本申请的目的之一是,提供了存储设备,其中,所述存储设备存储有多条指令,所述指令适于由处理器加载并执行:获取灾备中心灾难发生时的系统不可用时间;根据所述的系统不可用时间确定出灾备业务调度模型;获取灾备中心的业务系统对应的用户的一作业;根据所述的灾备业务调度模型确定所述作业的总体风险值;获取预先设定的阈值;根据所述阈值以及所述的总体风险值对所述的作业进行调度。

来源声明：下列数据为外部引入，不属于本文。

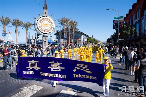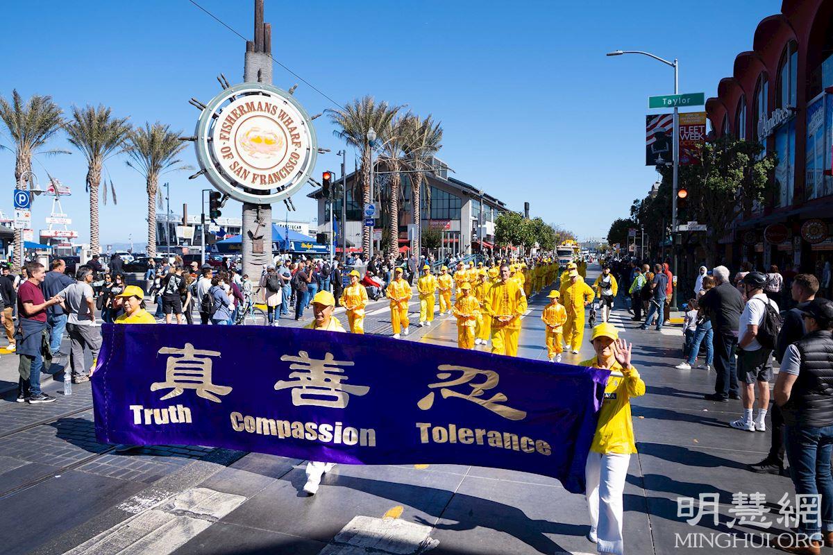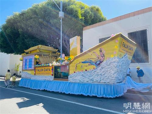 而在位于美国西海岸的旧金山,于二零二一年十月十日,举办了一年一度的哥伦布日游行,今年改名为意大利传统日游行,北加州法轮功学员以天国乐团、炼功队和花车再次应邀参加,受到主办方和观众的欢迎,花车获得一等奖、天国乐队获得二等奖、炼功队获得三等奖。当地居民说,我们都爱法轮大法。
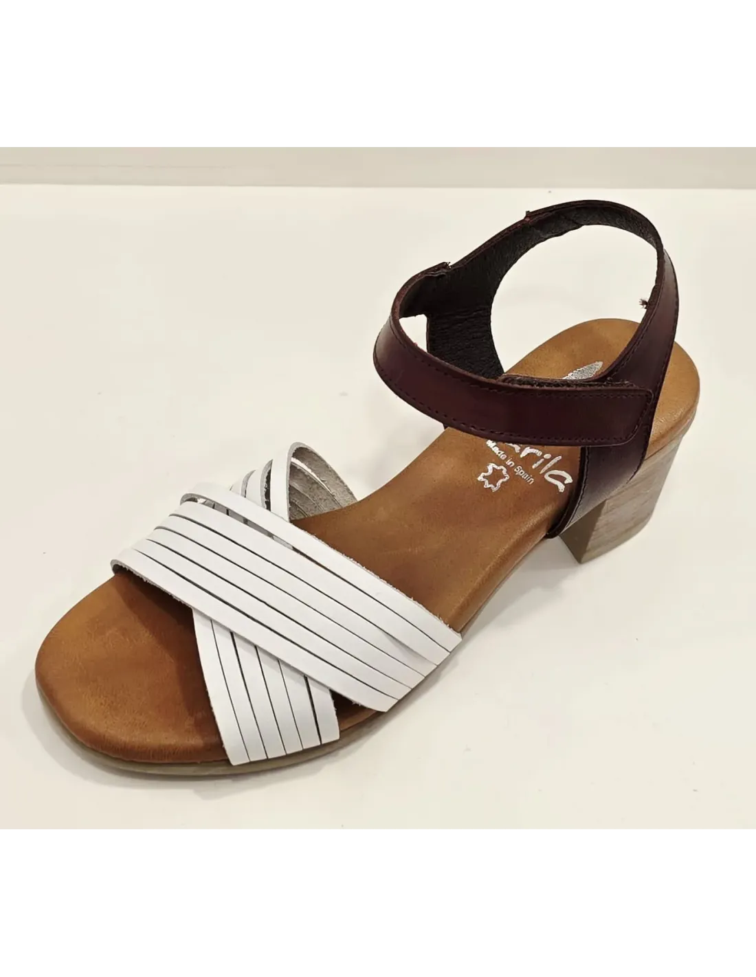 Sandalia en piel natural con pala de tiras cruzadas, formada por tiras más finas. Cierre mediante correa de velcro al tobillo. Plantilla acolchada con 5 mm de espesor, en cuero que permite la correcta transpiración del pie. Tacón medio ancho con efecto madera. Suela de goma antideslizante.
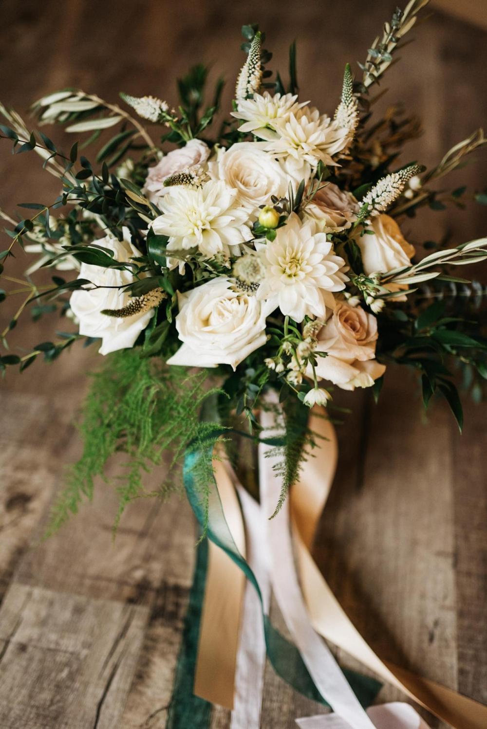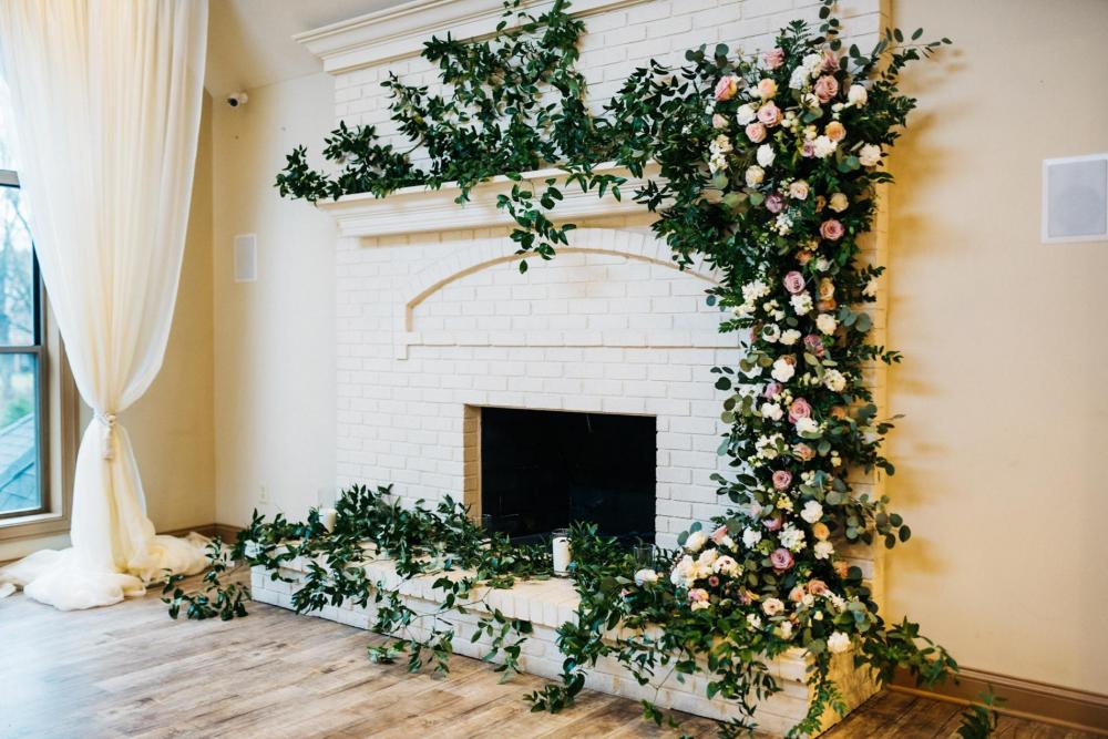 One thing unique to this couple was their love for lush greenery. Rachel gushes, “We loved the fireplace floral installation we got married in front of!”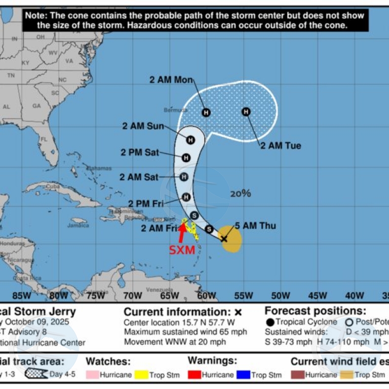 W’STAD/PHILIPSBURG – Autoridadnan na St. Maarten ta urgi cuidadanonan di e isla pa sigui progreso di tormenta tropical Jerry di aserca. Jerry a forma for di diaranson mainta y ta e di 10 tormenta cu ta haya nomber durante e temporada di horcan Atlantico 2025 cu tin potencial pa desaroya y bira un horcan.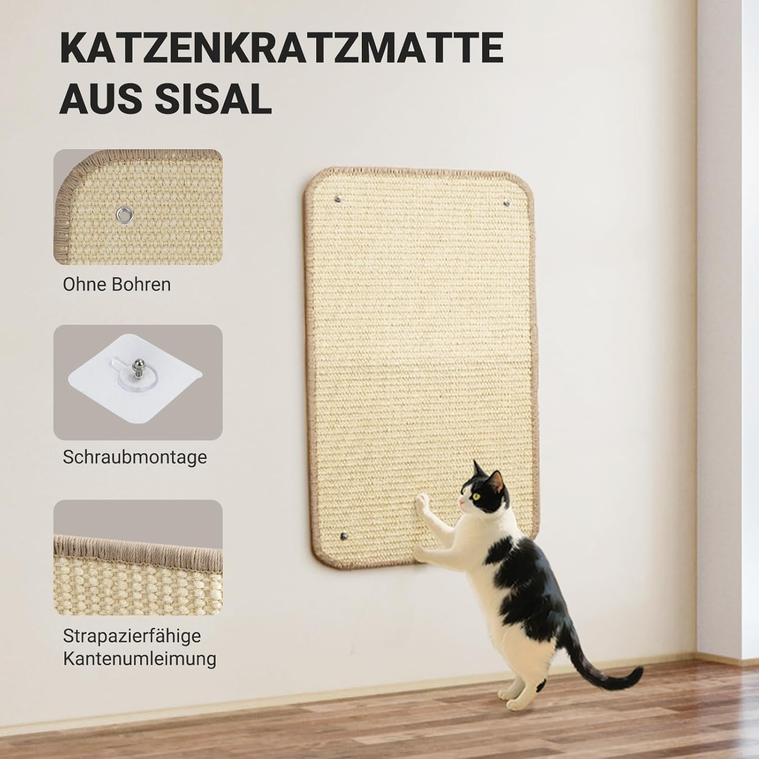 MULTIFUNKTIONALE KRATZEMATTE Diese Kratzmatte kann als Bodenkratzbrett auf den Boden geklebt, mit Schrauben an der Wand oder mit Schrauben am Stoffsofa befestigt werden. Es bietet Ihrer Katze vielseitige Möglichkeiten zum Kratzen.

本申请的目的之一是,提供了一种终端,其中,所述终端包括:适于实现各指令的处理器以及存储设备,所述存储设备存储有多条指令,所述指令适于由处理器加载并执行:获取灾备中心灾难发生时的系统不可用时间;根据所述的系统不可用时间确定出灾备业务调度模型;获取灾备中心的业务系统对应的用户的一作业;根据所述的灾备业务 调度模型确定所述作业的总体风险值;获取预先设定的阈值;根据所述阈值以及所述的总体风险值对所述的作业进行调度。

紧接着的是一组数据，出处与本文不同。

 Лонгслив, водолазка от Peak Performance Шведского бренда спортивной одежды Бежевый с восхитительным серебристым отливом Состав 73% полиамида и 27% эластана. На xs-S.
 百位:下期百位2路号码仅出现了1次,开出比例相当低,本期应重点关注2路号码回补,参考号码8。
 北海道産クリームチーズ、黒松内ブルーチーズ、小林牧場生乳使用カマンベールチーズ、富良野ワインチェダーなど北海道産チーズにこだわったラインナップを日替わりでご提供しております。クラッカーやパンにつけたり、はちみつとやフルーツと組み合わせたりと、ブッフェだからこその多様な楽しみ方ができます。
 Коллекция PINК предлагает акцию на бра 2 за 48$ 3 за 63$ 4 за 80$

本申请的有益效果在于,提供了一种降低灾备中心系统切换不可用时间的方法、设备以及终端,通过对数据中心灾难发生时系统不可用时间的分析,研究得出了RPO风险模型及灾备业务调度模型,并以此为基础计算业务系统对应的用户的作业的总体风险值,并与阈值进行比较进行业务调度,从而降低了灾难发生时系统数据的不可用时间,有效提高了数据中心的灾备能力。
为让本申请的上述和其他目的、特征和优点能更明显易懂,下文特举较佳实施例,并配合所附图式,作详细说明如下。
附图说明
为了更清楚地说明本申请实施例或现有技术中的技术方案,下面将对实施例或现有技术描述中所需要使用的附图作简单地介绍,显而易见地,下面描述中的附图仅仅是本申请的一些实施例,对于本领域普通技术人员来讲,在不付出创造性劳动的前提下,还可以根据这些附图获得其他的附图。
图1为本申请实施例提供的一种降低灾备中心系统切换不可用时间的方法的流程图;
图2为图1中的步骤S101的实施方式一的流程图;
图3为图1中的步骤S101的实施方式二的流程图;
图4为图1中的步骤S106的流程图;
图5为本申请实施例提供的一种降低灾备中心系统切换不可用时间的设备的结构框图;
图6为本申请实施例提供的一种降低灾备中心系统切换不可用时间的设备中业务调度模块确定模块的实施方式一的结构框图;
图7为本申请实施例提供的一种降低灾备中心系统切换不可用时间的设备中业务调度模块确定模块的实施方式二的结构框图;
图8为本申请实施例提供的一种降低灾备中心系统切换不可用时间的设备中业务调度模块确定模块的结构框图;
图9为作业的时序示例图;
图10为灾难在第n次作业过程中发生的示意图;
图11为灾难在第n+1次作业过程中发生的示意图;
图12为灾难在等待时间发生的示意图;
图13为RPO时间小于作业时间的示意图;
图14为RPO时间大于第n次作业时间且小于第n+1次作业的完成时间示意图;
图15为RPO时间大于第n+1次作业的完成时间示意图;
图16为传统作业方法示意图;
图17为实际业务RPO风险值的示意图;
图18为具体实施例中的灾难业务调度示意图。
具体实施方式
下面将结合本申请实施例中的附图,对本申请实施例中的技术方案进行清楚、完整地描述,显然,所描述的实施例仅仅是本申请一部分实施例,而不是全部的实施例。基于本申请中的实施例,本领域普通技术人员在没有做出创造性劳动前提下所获得的所有其他实施例,都属于本申请保护的范围。
本申请的关键技术术语包括:
恢复点目标RPO:灾难发生后,系统和数据必须恢复到的时间点要求。
恢复时间目标RTO,信息系统或业务功能从停顿到必须恢复的时间要求。
图1为本申请提出的一种降低灾备中心系统切换不可用时间的方法的具体流程图,由图1可知,所述的方法包括:
S101:获取灾备中心灾难发生时的系统不可用时间。
S102:根据所述的系统不可用时间确定出灾备业务调度模型。图2为步骤S101的实施方式一的流程图,图3为步骤S101的实施方式二的流程图。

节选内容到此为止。